**What to do:**
Return exactly the lines of the records below, starting at the line that contains "Αφήνουμε το κέικ" and ending at the line that contains "对迪庆州第十三届六次会议第15号人大建议的答复", with both of those lines kept.

**Materials provided:**
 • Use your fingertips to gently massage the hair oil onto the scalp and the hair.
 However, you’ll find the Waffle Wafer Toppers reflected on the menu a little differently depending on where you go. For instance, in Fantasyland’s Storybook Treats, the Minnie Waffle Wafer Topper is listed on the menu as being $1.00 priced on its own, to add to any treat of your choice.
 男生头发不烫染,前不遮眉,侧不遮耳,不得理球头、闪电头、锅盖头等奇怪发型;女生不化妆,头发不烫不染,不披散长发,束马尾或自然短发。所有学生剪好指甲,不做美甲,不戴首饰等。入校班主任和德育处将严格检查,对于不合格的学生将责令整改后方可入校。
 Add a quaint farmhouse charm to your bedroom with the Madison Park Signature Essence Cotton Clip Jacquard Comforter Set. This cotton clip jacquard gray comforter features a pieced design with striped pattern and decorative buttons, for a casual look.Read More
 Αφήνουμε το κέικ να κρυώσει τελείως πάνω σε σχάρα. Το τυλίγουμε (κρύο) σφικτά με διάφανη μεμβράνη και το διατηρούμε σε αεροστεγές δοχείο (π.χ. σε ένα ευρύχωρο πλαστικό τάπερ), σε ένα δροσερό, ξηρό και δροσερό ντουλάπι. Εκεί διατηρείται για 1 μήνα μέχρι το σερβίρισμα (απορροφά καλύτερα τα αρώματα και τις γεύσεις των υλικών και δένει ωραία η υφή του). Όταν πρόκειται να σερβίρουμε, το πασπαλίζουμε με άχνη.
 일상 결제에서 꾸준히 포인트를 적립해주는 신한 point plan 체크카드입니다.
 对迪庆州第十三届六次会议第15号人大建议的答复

---

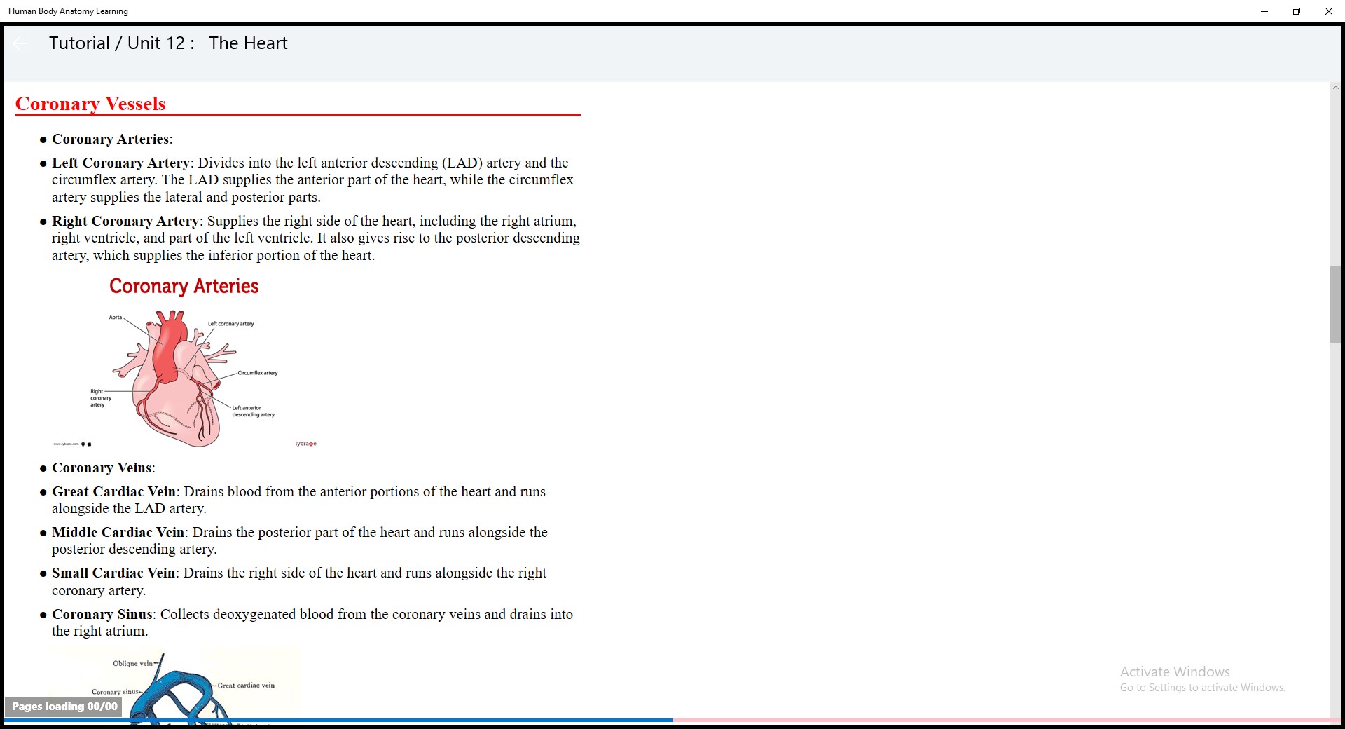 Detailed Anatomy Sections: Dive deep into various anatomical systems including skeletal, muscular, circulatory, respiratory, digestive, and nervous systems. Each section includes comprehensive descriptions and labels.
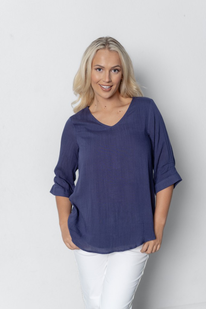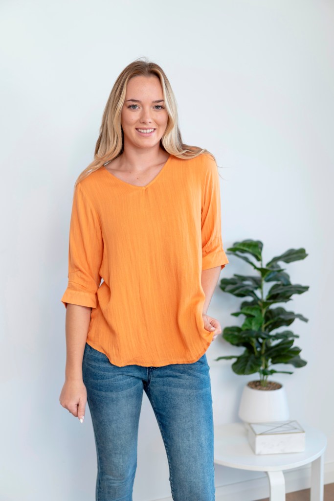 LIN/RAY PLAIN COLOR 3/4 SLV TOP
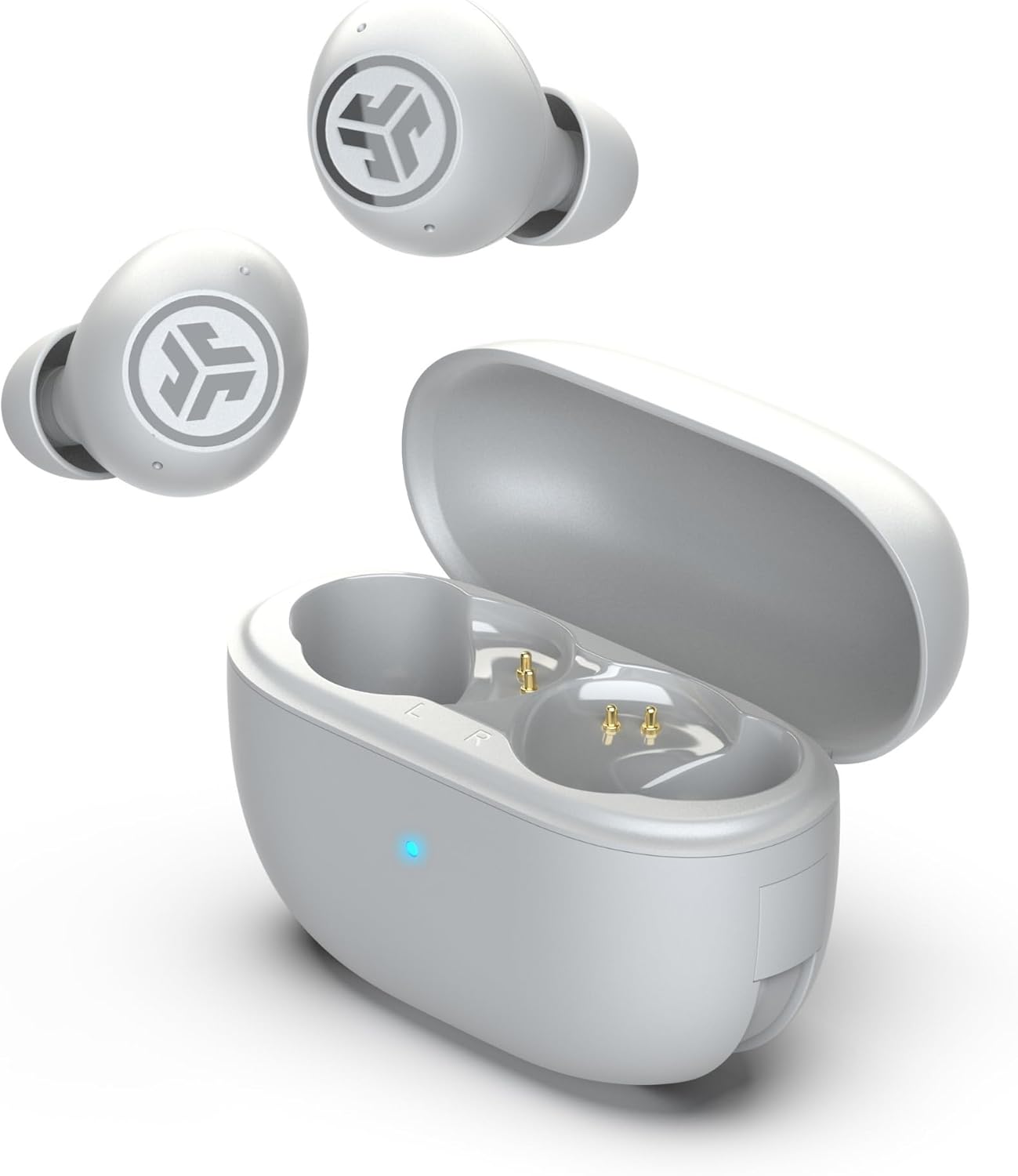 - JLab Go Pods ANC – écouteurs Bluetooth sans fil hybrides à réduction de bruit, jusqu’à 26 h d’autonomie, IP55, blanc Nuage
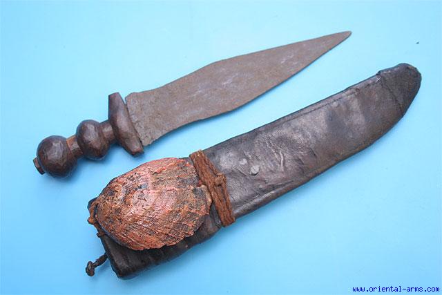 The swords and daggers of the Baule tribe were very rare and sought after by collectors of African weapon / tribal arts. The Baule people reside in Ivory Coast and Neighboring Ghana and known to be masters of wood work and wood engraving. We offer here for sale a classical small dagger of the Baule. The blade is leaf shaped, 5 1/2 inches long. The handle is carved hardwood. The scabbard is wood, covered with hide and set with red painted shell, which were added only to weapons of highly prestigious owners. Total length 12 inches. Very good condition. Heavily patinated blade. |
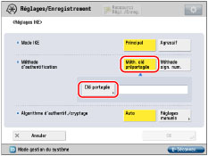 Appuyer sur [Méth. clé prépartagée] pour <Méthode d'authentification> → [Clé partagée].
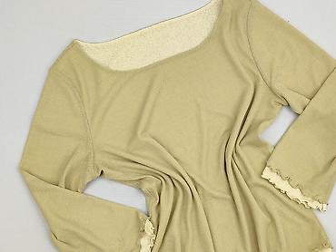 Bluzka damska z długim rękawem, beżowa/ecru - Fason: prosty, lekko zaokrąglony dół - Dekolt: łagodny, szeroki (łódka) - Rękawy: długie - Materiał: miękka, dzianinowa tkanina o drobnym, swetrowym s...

**Answer box:**
 Αφήνουμε το κέικ να κρυώσει τελείως πάνω σε σχάρα. Το τυλίγουμε (κρύο) σφικτά με διάφανη μεμβράνη και το διατηρούμε σε αεροστεγές δοχείο (π.χ. σε ένα ευρύχωρο πλαστικό τάπερ), σε ένα δροσερό, ξηρό και δροσερό ντουλάπι. Εκεί διατηρείται για 1 μήνα μέχρι το σερβίρισμα (απορροφά καλύτερα τα αρώματα και τις γεύσεις των υλικών και δένει ωραία η υφή του). Όταν πρόκειται να σερβίρουμε, το πασπαλίζουμε με άχνη.
 일상 결제에서 꾸준히 포인트를 적립해주는 신한 point plan 체크카드입니다.
 对迪庆州第十三届六次会议第15号人大建议的答复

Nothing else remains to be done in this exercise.